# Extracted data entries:
————————

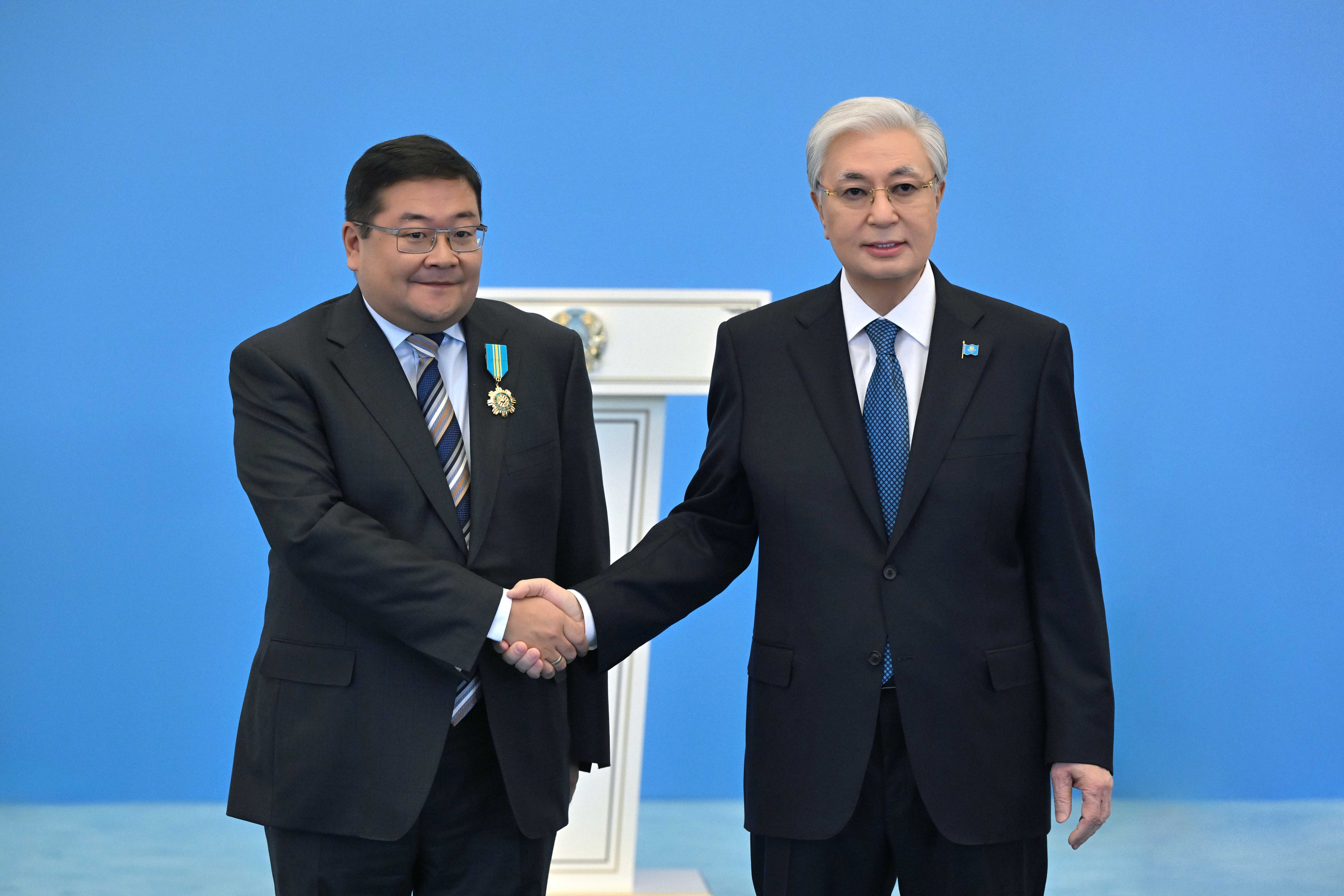 Затем Касым-Жомарт Токаев вручил государственные награды ряду граждан за значительный вклад в социально-экономическое развитие страны, укрепление законности и порядка.
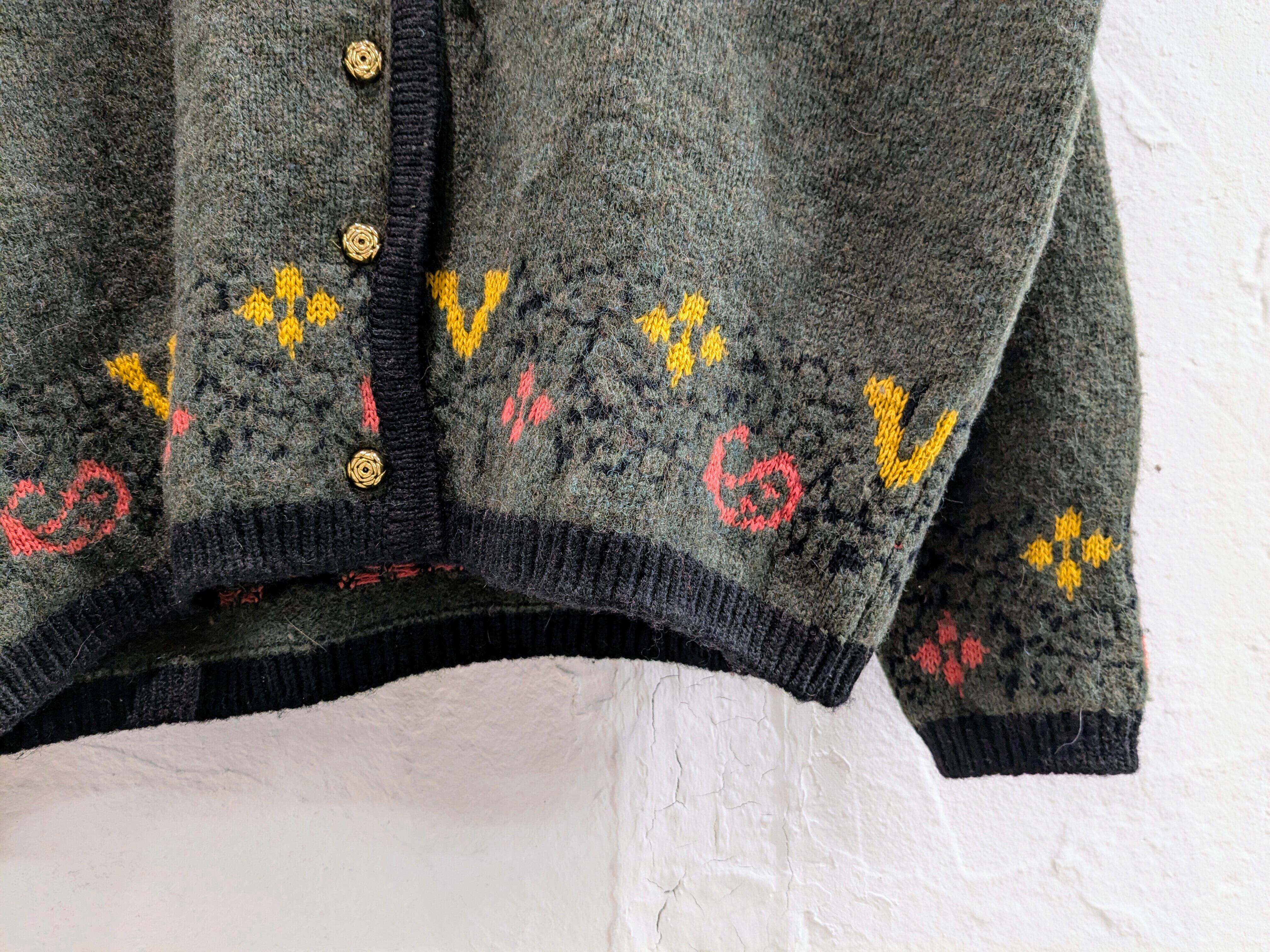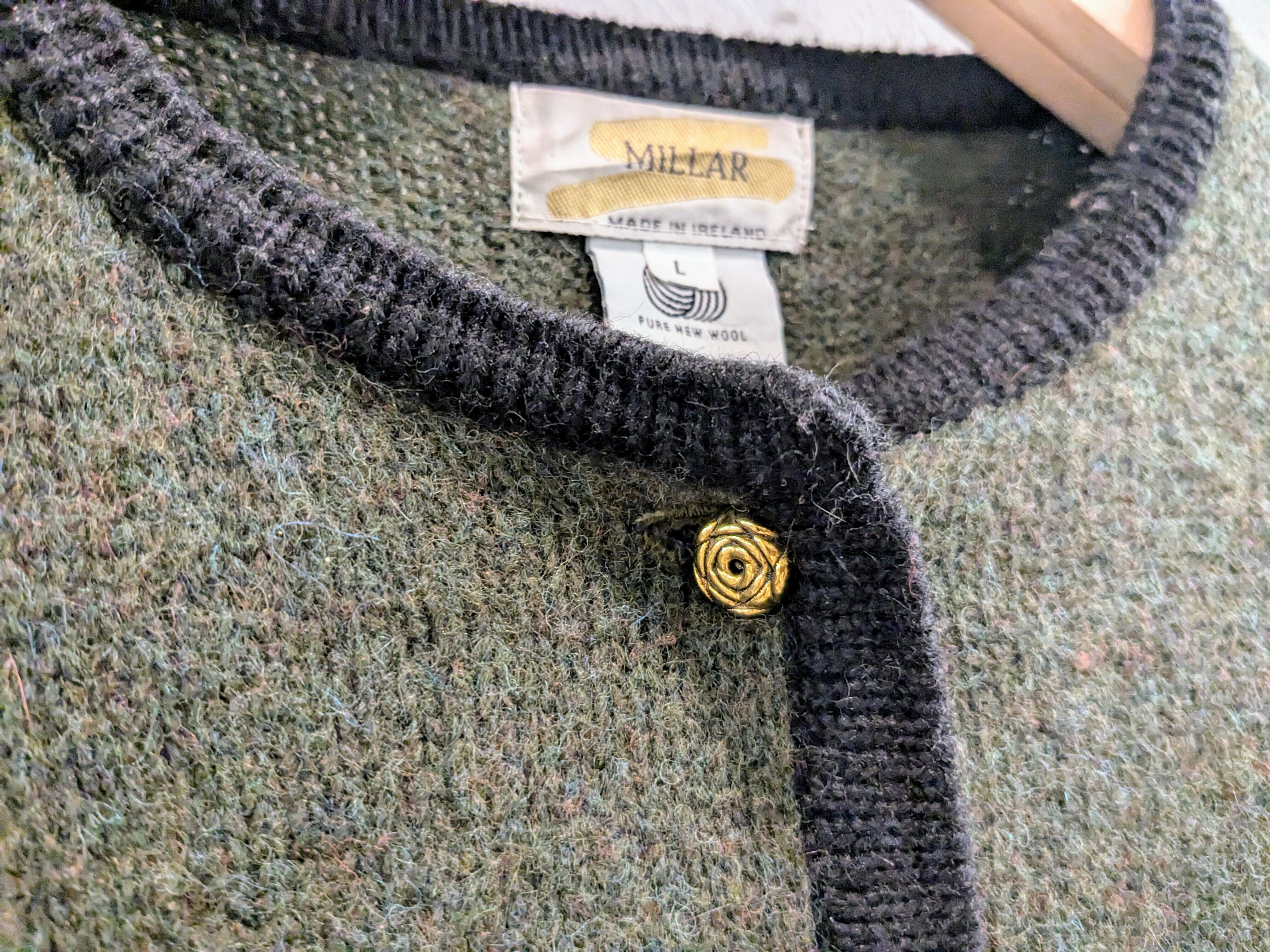 裾、袖に刺繍デザインが入っています。ボタンはバラ?ような花の形をしたものを使用しており、細部までこだわりのあるアイテムとなっています。ボディ自体も、単色ではなくメランジになっており、多色使いをしていることで、角度、光の当たり加減で見える色合いが変わるようになっています。
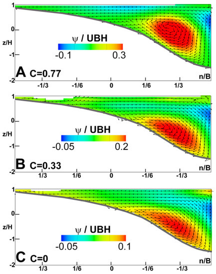 Transverse stream function distribution ψ/UBH reveals the secondary circulation of transverse flow cells rotating at the meander apex 1.5 s/B for channel curvature C = 0.77 (A), C = 0.33 (B), and C = 0 (C), with positive values representing clockwise rotation direction when facing upstream, and negative values representing counter-clockwise rotation when facing upstream.
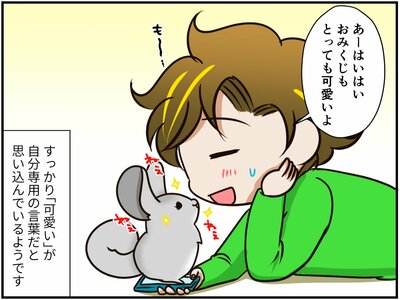 そんな勢いでおみくじちゃんを毎日「可愛い」と愛でる祭さん。元々チンチラは賢い動物なので、おみくじちゃんは「可愛い=おみくじ(自分)」だと解釈しているようす。
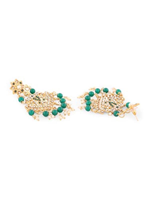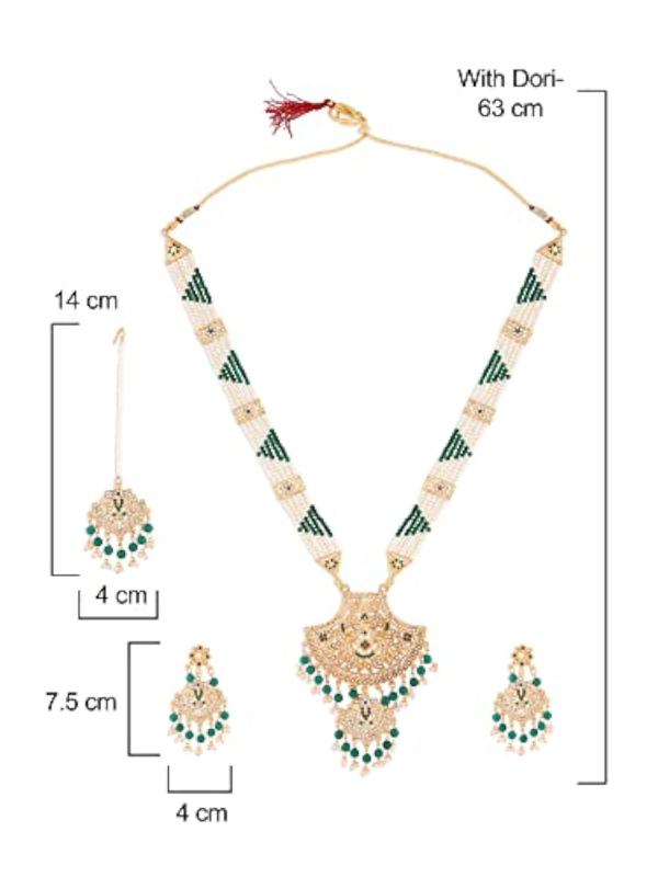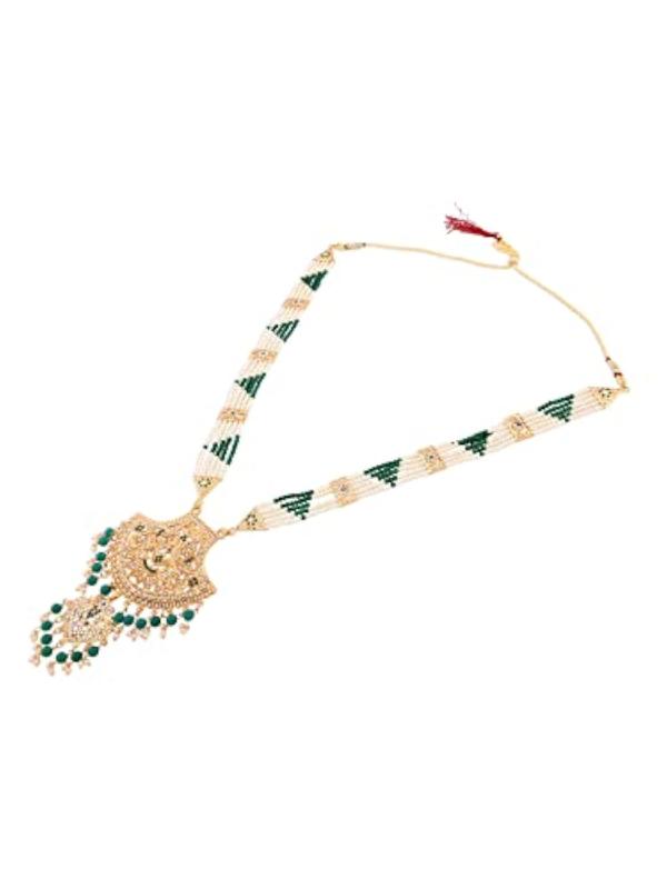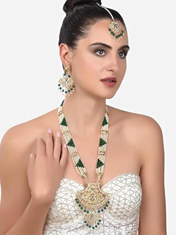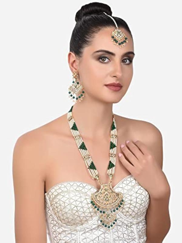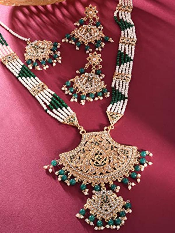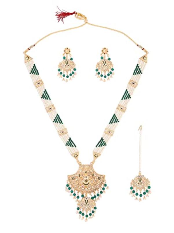 Enhance your ethnic look with this stunning Rajasthani style necklace, earring, and maangtikka set. Handcrafted with beads, this set adds dazzle to your outfit.
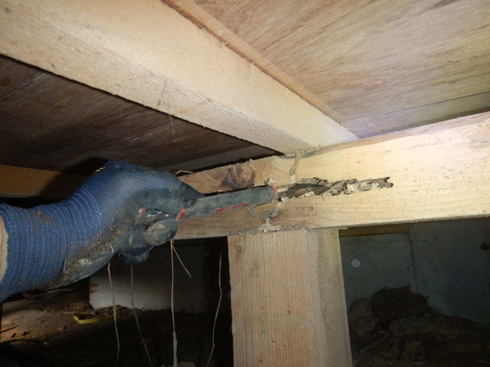 ご相談を頂き、床下を調査したところ、床下にシロアリ被害が多く見られました。

————————

# What you have to do:
Reproduce exactly, and only, the part of the entries above that runs from the line with "そんな勢いでおみくじちゃんを" to the last line, both included. Pictures stay out.

# Result:
 そんな勢いでおみくじちゃんを毎日「可愛い」と愛でる祭さん。元々チンチラは賢い動物なので、おみくじちゃんは「可愛い=おみくじ(自分)」だと解釈しているようす。
 Enhance your ethnic look with this stunning Rajasthani style necklace, earring, and maangtikka set. Handcrafted with beads, this set adds dazzle to your outfit.
 ご相談を頂き、床下を調査したところ、床下にシロアリ被害が多く見られました。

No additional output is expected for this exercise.